===== EXERCISE DATA =====

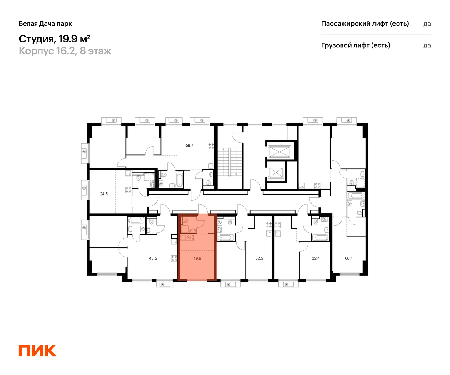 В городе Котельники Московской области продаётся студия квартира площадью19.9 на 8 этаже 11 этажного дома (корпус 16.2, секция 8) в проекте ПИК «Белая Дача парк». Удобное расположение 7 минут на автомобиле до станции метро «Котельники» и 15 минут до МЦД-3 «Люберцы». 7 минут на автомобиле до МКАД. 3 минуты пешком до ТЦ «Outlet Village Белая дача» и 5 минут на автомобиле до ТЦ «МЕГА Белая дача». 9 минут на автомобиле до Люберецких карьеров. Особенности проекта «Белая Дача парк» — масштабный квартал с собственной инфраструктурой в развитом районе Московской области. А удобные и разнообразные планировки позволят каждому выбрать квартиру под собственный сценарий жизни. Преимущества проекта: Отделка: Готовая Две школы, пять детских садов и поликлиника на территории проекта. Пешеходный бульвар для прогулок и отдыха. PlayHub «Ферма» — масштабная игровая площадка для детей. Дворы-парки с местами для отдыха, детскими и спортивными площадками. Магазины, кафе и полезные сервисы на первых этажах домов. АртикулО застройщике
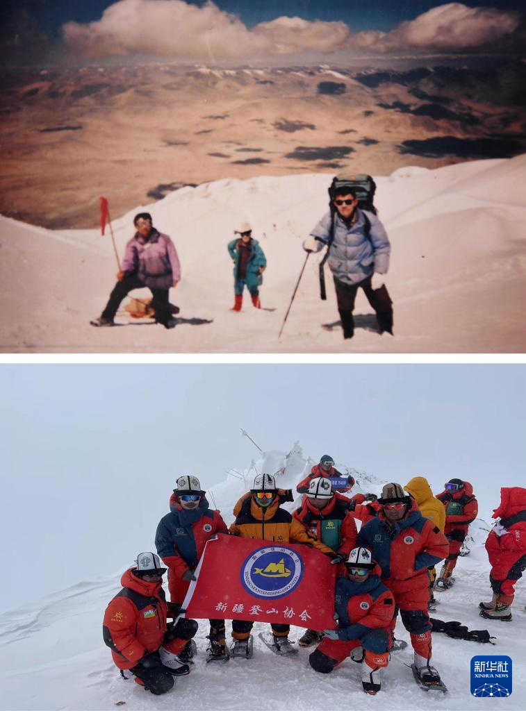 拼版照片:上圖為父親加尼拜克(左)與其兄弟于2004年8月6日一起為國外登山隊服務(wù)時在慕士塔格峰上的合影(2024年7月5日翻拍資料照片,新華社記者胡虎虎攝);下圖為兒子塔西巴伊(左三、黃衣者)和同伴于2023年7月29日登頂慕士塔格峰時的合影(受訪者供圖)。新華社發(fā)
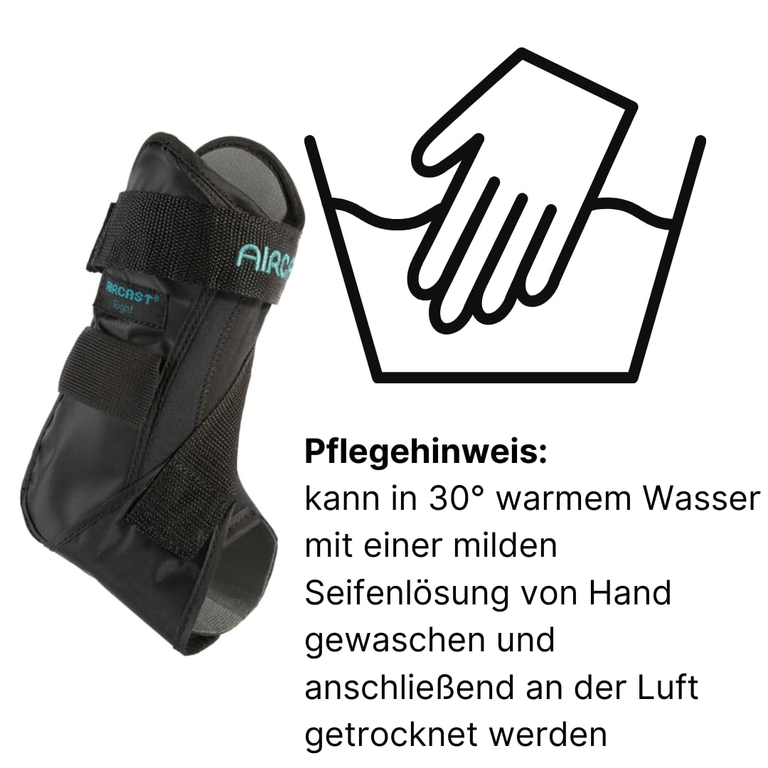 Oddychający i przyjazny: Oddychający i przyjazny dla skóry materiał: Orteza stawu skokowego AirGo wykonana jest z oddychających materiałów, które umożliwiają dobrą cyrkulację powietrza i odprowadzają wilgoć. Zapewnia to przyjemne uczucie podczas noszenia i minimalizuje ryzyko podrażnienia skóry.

=====

■ WHAT THIS TASK INVOLVES: In your reply, please print exactly the lines from the one with "拼版照片:上圖為父親加尼拜克" through the final line of the listing above, both included, and no pictures.

■ REPLY:
 拼版照片:上圖為父親加尼拜克(左)與其兄弟于2004年8月6日一起為國外登山隊服務(wù)時在慕士塔格峰上的合影(2024年7月5日翻拍資料照片,新華社記者胡虎虎攝);下圖為兒子塔西巴伊(左三、黃衣者)和同伴于2023年7月29日登頂慕士塔格峰時的合影(受訪者供圖)。新華社發(fā)
 Oddychający i przyjazny: Oddychający i przyjazny dla skóry materiał: Orteza stawu skokowego AirGo wykonana jest z oddychających materiałów, które umożliwiają dobrą cyrkulację powietrza i odprowadzają wilgoć. Zapewnia to przyjemne uczucie podczas noszenia i minimalizuje ryzyko podrażnienia skóry.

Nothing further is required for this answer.